| TASK TO CARRY OUT |
Please copy out the entries below exactly, beginning with the line that contains "仰卧是适合绝大部分人的睡姿。" and ending with the line that contains "中国经济网北京12月24日电", and include nothing outside that span.

BEGIN MATERIAL PROVIDED

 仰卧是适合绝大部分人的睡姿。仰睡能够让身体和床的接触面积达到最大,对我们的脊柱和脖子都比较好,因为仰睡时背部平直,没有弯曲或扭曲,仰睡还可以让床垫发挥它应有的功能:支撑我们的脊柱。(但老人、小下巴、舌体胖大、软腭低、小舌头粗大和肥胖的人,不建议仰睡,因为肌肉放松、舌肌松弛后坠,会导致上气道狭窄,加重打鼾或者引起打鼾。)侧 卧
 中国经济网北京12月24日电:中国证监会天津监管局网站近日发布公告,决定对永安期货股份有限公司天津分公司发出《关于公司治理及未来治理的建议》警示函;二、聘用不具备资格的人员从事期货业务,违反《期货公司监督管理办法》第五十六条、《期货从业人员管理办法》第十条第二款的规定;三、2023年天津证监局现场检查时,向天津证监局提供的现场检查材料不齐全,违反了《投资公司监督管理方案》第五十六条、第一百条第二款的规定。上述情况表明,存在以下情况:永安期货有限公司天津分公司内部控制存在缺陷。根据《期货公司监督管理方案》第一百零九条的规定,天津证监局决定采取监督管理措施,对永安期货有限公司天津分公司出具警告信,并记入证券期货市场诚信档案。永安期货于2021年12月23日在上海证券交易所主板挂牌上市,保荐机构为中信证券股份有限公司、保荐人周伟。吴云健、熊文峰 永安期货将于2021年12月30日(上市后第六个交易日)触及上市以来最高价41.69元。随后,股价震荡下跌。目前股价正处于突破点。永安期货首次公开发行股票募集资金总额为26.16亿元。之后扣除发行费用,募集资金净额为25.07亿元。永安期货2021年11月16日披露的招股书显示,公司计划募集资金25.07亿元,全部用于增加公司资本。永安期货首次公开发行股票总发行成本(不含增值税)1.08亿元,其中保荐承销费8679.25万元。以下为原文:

END MATERIAL PROVIDED
BEGIN MATERIAL PROVIDED

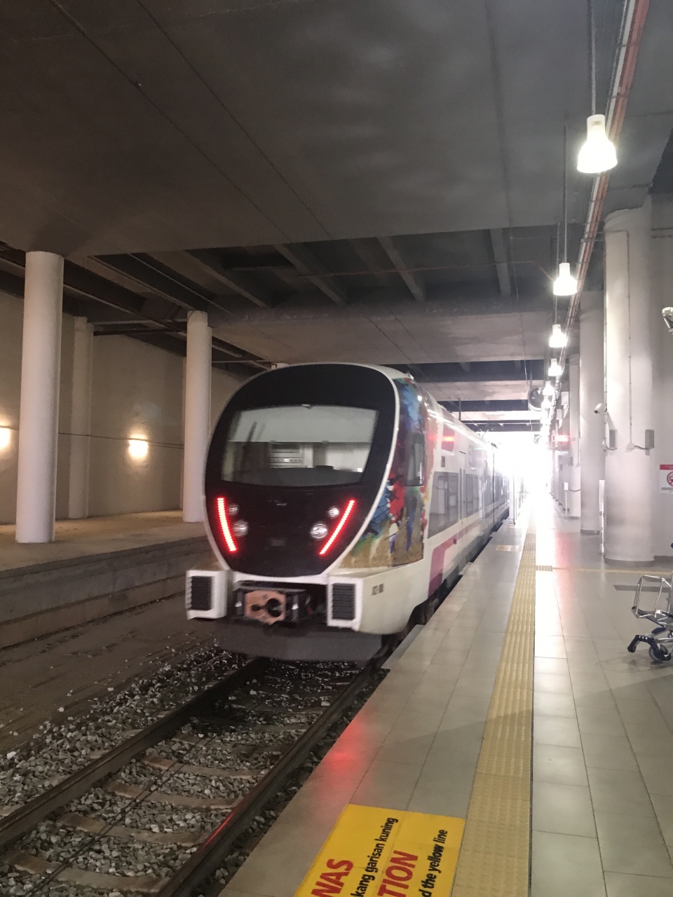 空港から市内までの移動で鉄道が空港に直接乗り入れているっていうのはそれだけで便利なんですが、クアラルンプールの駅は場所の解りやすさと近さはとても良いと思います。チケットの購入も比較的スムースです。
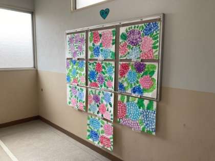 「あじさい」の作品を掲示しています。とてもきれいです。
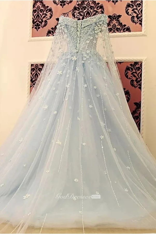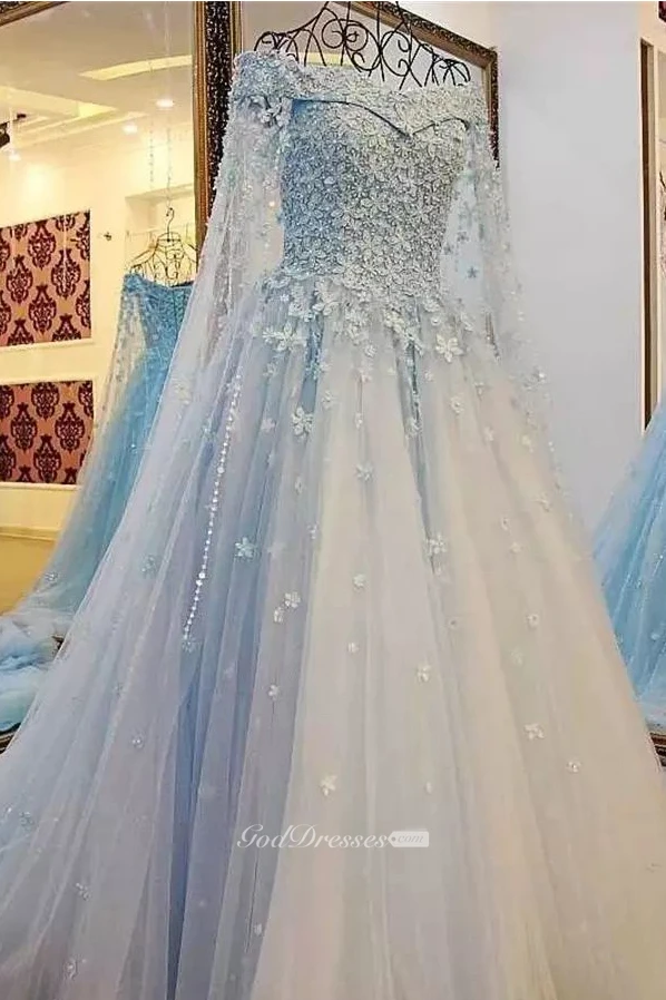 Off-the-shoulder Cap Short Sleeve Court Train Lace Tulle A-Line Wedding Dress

END MATERIAL PROVIDED
BEGIN MATERIAL PROVIDED

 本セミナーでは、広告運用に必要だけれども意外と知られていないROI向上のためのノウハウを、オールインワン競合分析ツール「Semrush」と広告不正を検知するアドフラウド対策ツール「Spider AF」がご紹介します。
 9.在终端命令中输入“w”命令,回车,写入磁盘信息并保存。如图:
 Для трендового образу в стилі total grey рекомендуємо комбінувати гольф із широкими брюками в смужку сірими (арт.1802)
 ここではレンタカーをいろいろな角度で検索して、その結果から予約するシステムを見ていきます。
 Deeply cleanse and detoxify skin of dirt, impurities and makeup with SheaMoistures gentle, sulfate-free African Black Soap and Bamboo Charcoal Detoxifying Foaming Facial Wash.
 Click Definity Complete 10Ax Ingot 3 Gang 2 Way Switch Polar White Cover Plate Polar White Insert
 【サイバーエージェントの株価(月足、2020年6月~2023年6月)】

END MATERIAL PROVIDED

| PROBLEM SOLUTION |
 仰卧是适合绝大部分人的睡姿。仰睡能够让身体和床的接触面积达到最大,对我们的脊柱和脖子都比较好,因为仰睡时背部平直,没有弯曲或扭曲,仰睡还可以让床垫发挥它应有的功能:支撑我们的脊柱。(但老人、小下巴、舌体胖大、软腭低、小舌头粗大和肥胖的人,不建议仰睡,因为肌肉放松、舌肌松弛后坠,会导致上气道狭窄,加重打鼾或者引起打鼾。)侧 卧
 中国经济网北京12月24日电:中国证监会天津监管局网站近日发布公告,决定对永安期货股份有限公司天津分公司发出《关于公司治理及未来治理的建议》警示函;二、聘用不具备资格的人员从事期货业务,违反《期货公司监督管理办法》第五十六条、《期货从业人员管理办法》第十条第二款的规定;三、2023年天津证监局现场检查时,向天津证监局提供的现场检查材料不齐全,违反了《投资公司监督管理方案》第五十六条、第一百条第二款的规定。上述情况表明,存在以下情况:永安期货有限公司天津分公司内部控制存在缺陷。根据《期货公司监督管理方案》第一百零九条的规定,天津证监局决定采取监督管理措施,对永安期货有限公司天津分公司出具警告信,并记入证券期货市场诚信档案。永安期货于2021年12月23日在上海证券交易所主板挂牌上市,保荐机构为中信证券股份有限公司、保荐人周伟。吴云健、熊文峰 永安期货将于2021年12月30日(上市后第六个交易日)触及上市以来最高价41.69元。随后,股价震荡下跌。目前股价正处于突破点。永安期货首次公开发行股票募集资金总额为26.16亿元。之后扣除发行费用,募集资金净额为25.07亿元。永安期货2021年11月16日披露的招股书显示,公司计划募集资金25.07亿元,全部用于增加公司资本。永安期货首次公开发行股票总发行成本(不含增值税)1.08亿元,其中保荐承销费8679.25万元。以下为原文:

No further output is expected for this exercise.